▶ _WHAT IS EXPECTED_
Exactly the lines from the beginning of the records below through the line with "Bridge is the" must be given again, without pictures.
── DATA FOR THIS TASK
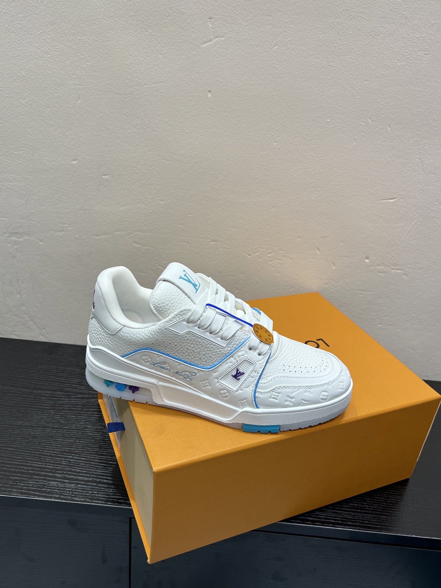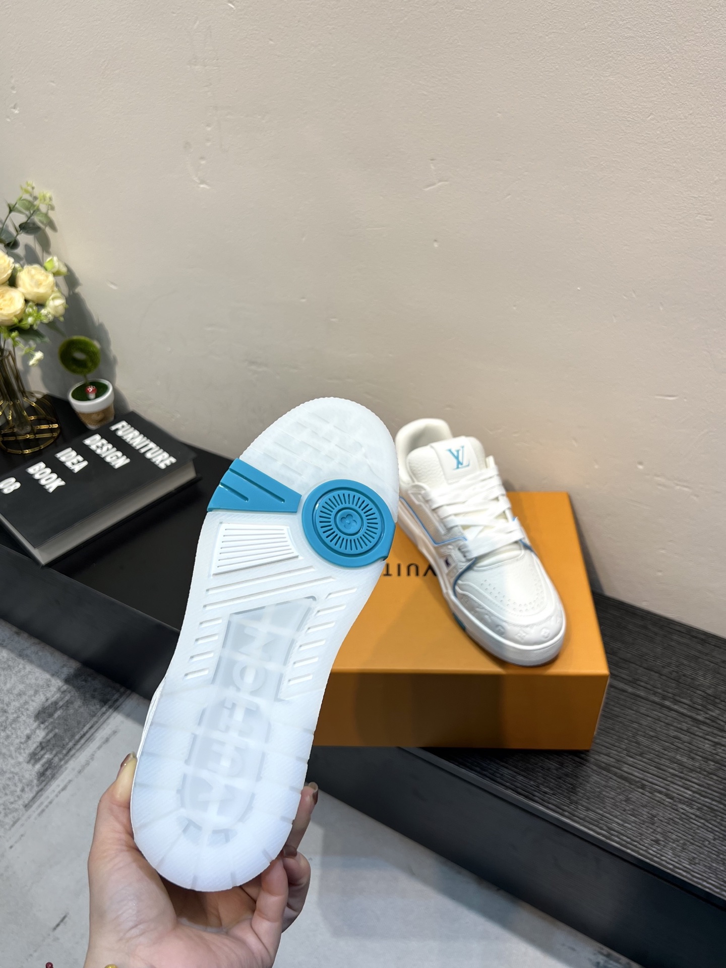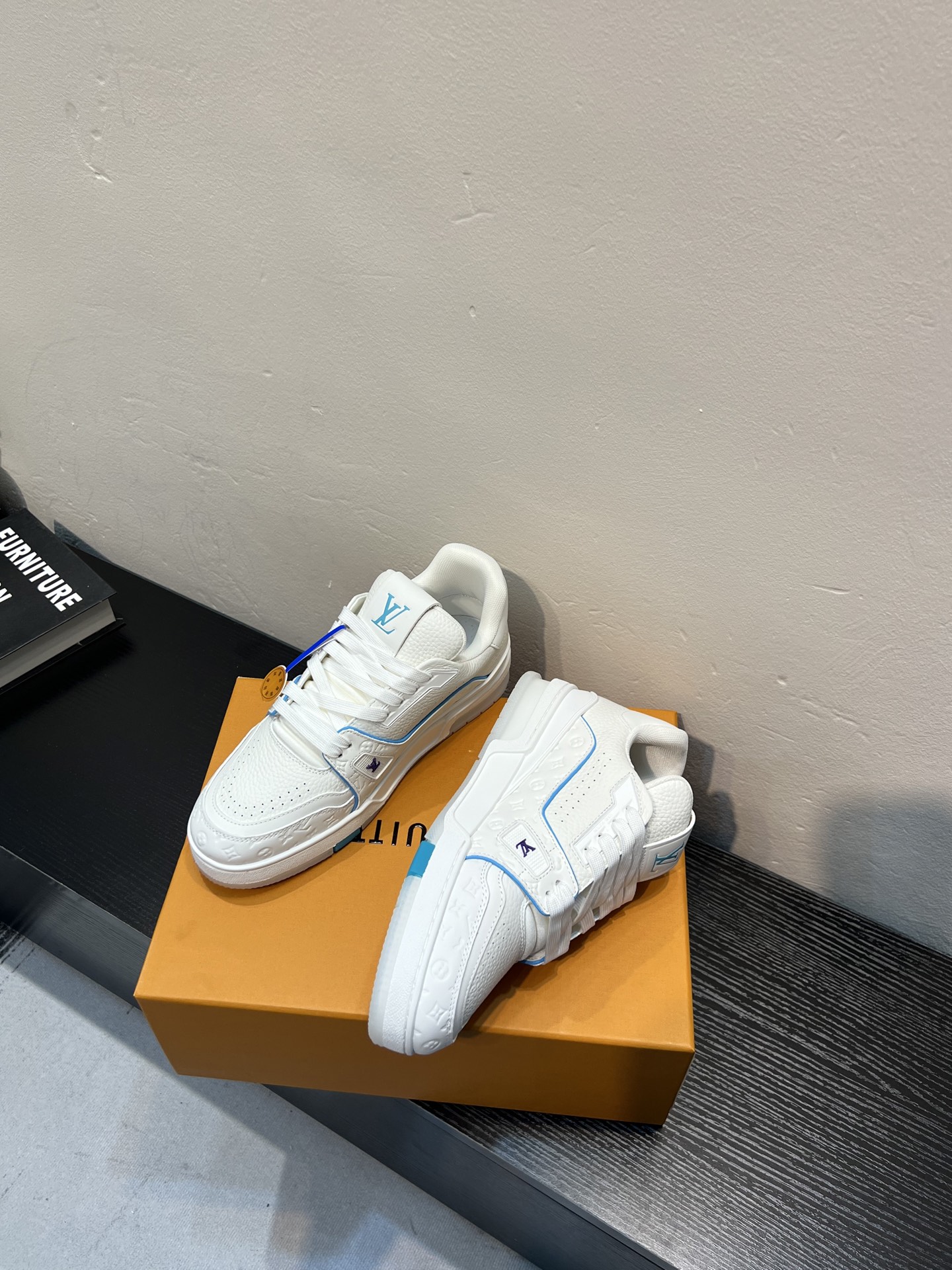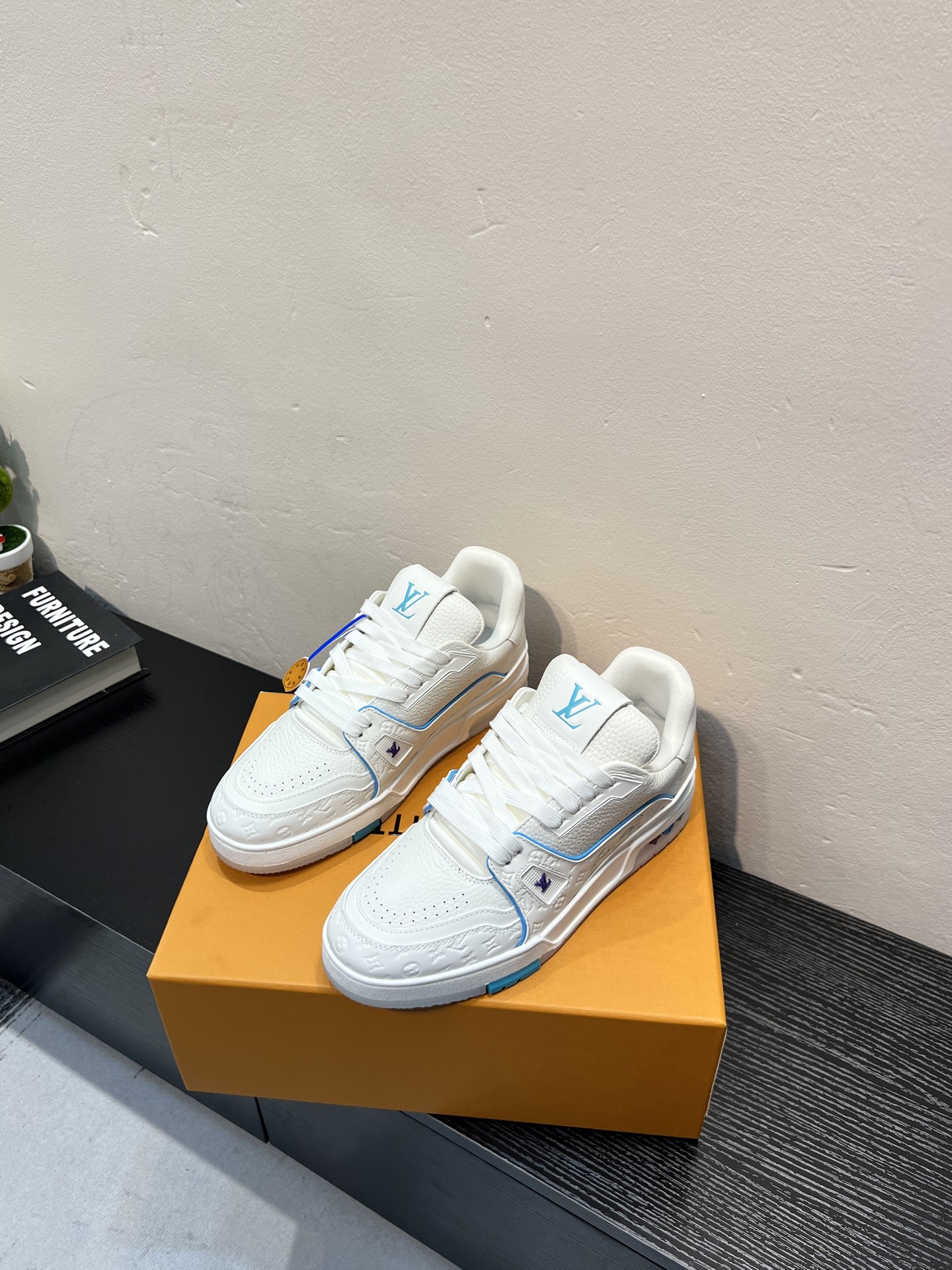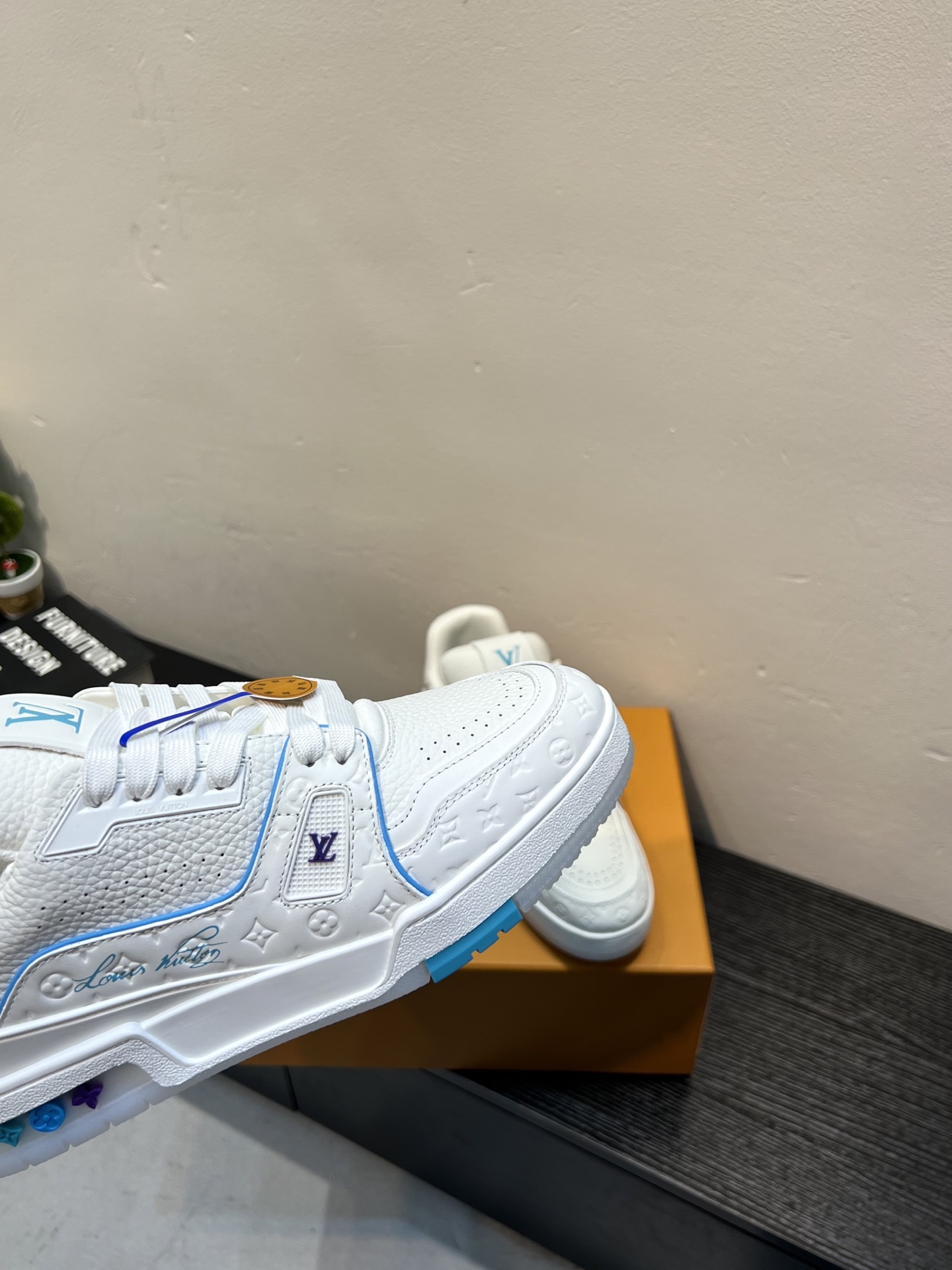 这款鞋子是AAAAA 1:1 质量 (非常棒). 使用了和原版一模一样的材料. 商标部分也保持了和路易威登/Louis Vuitton一样. 图片拍摄是实物鞋子拍摄, 您所收到的实物保证和我们图片一模一样.
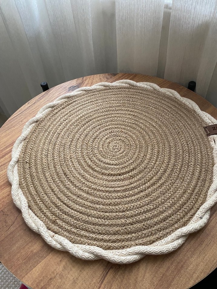 Gri tonlarda örgü bordürlü, doğal bohem tarzda bej yuvarlak halı. Dokulu yüzeyiyle mekana sıcaklık katar.
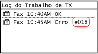 Se não for possível imprimir, se não for possível enviar ou receber dados digitalizados ou um fax ou se ocorrer outro erro, é apresentado um código de erro (número de três dígitos que começa com "#") no relatório ou no registo de trabalhos.
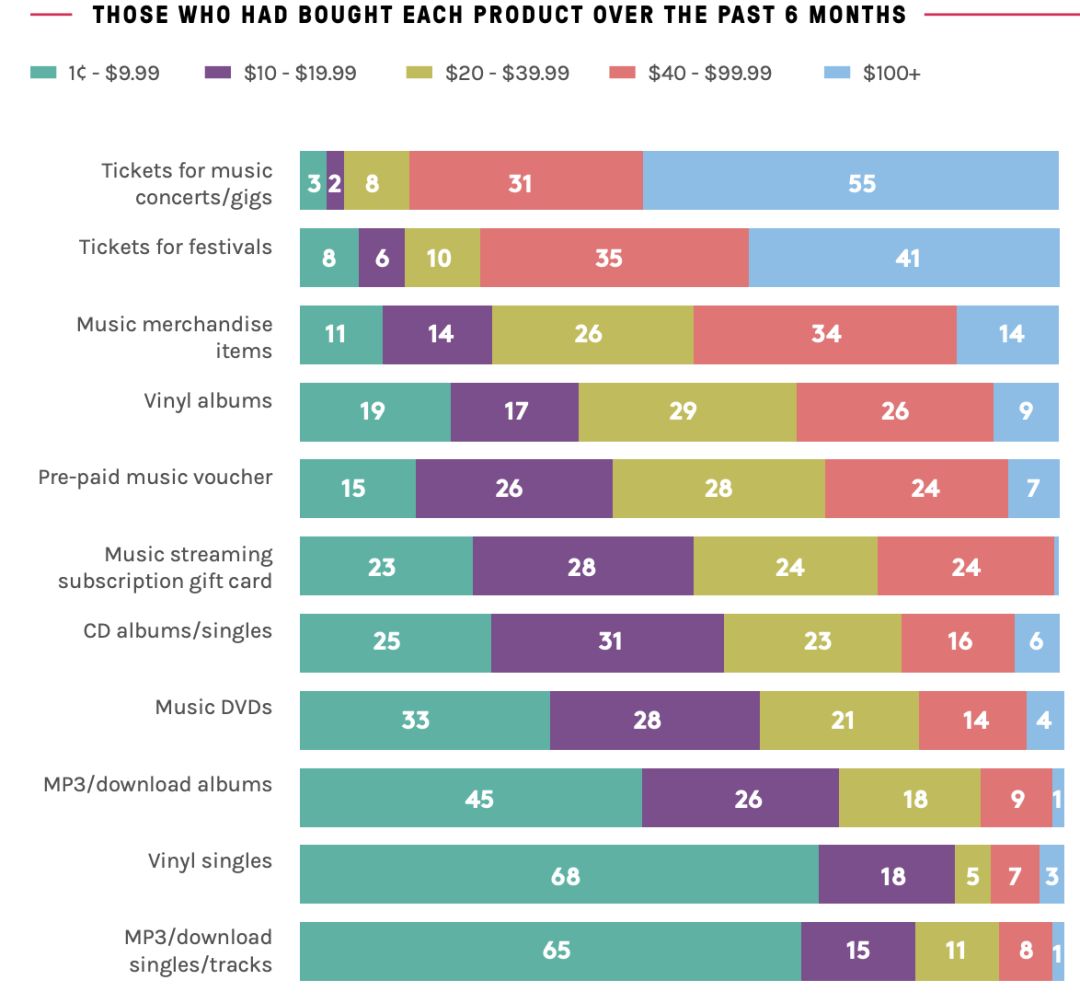 由上图可见,在购买音乐相关产品的人群中,40-99.99美元消费区间占比为34%,20-39.99美元消费区间占比为26%,100美元以上的占比为14%。可以看到,市场对于音乐周边的付费意愿强烈,且具备一定规模,对于音乐人和音乐公司来说至关重要。
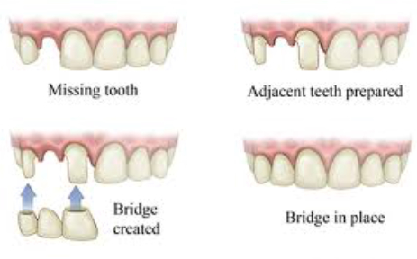 Bridge is the most common and easiest method to replace one or more missing teeth.
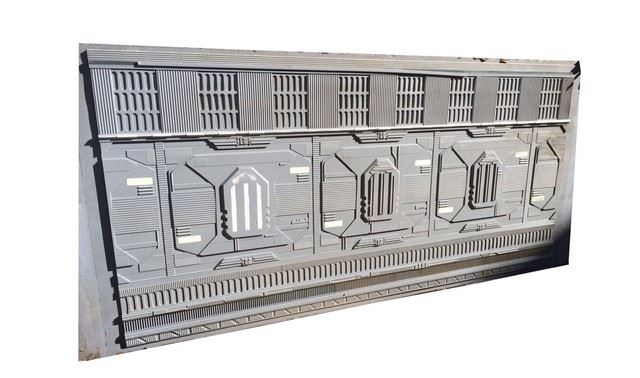 Styrene and sintra hand made master pattern used for detail panels in the docking bay. Designed and fabricated by New Deal Studios Co-founder, Matthew Gratzner. This piece was then molded and cast in urethane resin. 39" long x 17" tall. This incredible, handmade miniature is from the celebrated collection of Academy Award winning New Deal Studios. New Deal Studios is a 21st Century Media Studio, unlike any in the world. A full-service film production and visual effects studio, with over 20 years of iconic imagery, New Deal Studios develops, designs, prototypes, and creates all types of high caliber media projects. Founded in 1995 by Matthew Gratzner, Ian Hunter and Shannon Blake Gans, this artist owned and operated independent studio, born in the heyday of visual effects, has truly evolved into the technology driven studio for the future, consistently delivering the perfect marriage of artistry and technology. Award winning credits by New Deal Studios include high-profile projects such as Dark Knight Rises, Hugo, The Avengers, Oz the Great and Powerful, Iron Man, The Dark Knight, Watchmen, I am Legend, Night at the Museum, Whiteout, 2012, Alice in Wonderland, Inception, Battleship and Interstellar.
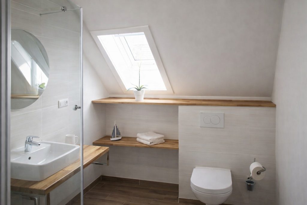 Vom Flur aus gelangt man ins Schlafzimmer mit großem Kleiderschrank und Boxspringbett oder ins Badezimmer. Es ist mit einer Dusche, sowie ein WC inkl. Waschbecken, ausgestattet.
────
▶ _YOUR SOLUTION_
 这款鞋子是AAAAA 1:1 质量 (非常棒). 使用了和原版一模一样的材料. 商标部分也保持了和路易威登/Louis Vuitton一样. 图片拍摄是实物鞋子拍摄, 您所收到的实物保证和我们图片一模一样.
 Gri tonlarda örgü bordürlü, doğal bohem tarzda bej yuvarlak halı. Dokulu yüzeyiyle mekana sıcaklık katar.
 Se não for possível imprimir, se não for possível enviar ou receber dados digitalizados ou um fax ou se ocorrer outro erro, é apresentado um código de erro (número de três dígitos que começa com "#") no relatório ou no registo de trabalhos.
 由上图可见,在购买音乐相关产品的人群中,40-99.99美元消费区间占比为34%,20-39.99美元消费区间占比为26%,100美元以上的占比为14%。可以看到,市场对于音乐周边的付费意愿强烈,且具备一定规模,对于音乐人和音乐公司来说至关重要。
 Bridge is the most common and easiest method to replace one or more missing teeth.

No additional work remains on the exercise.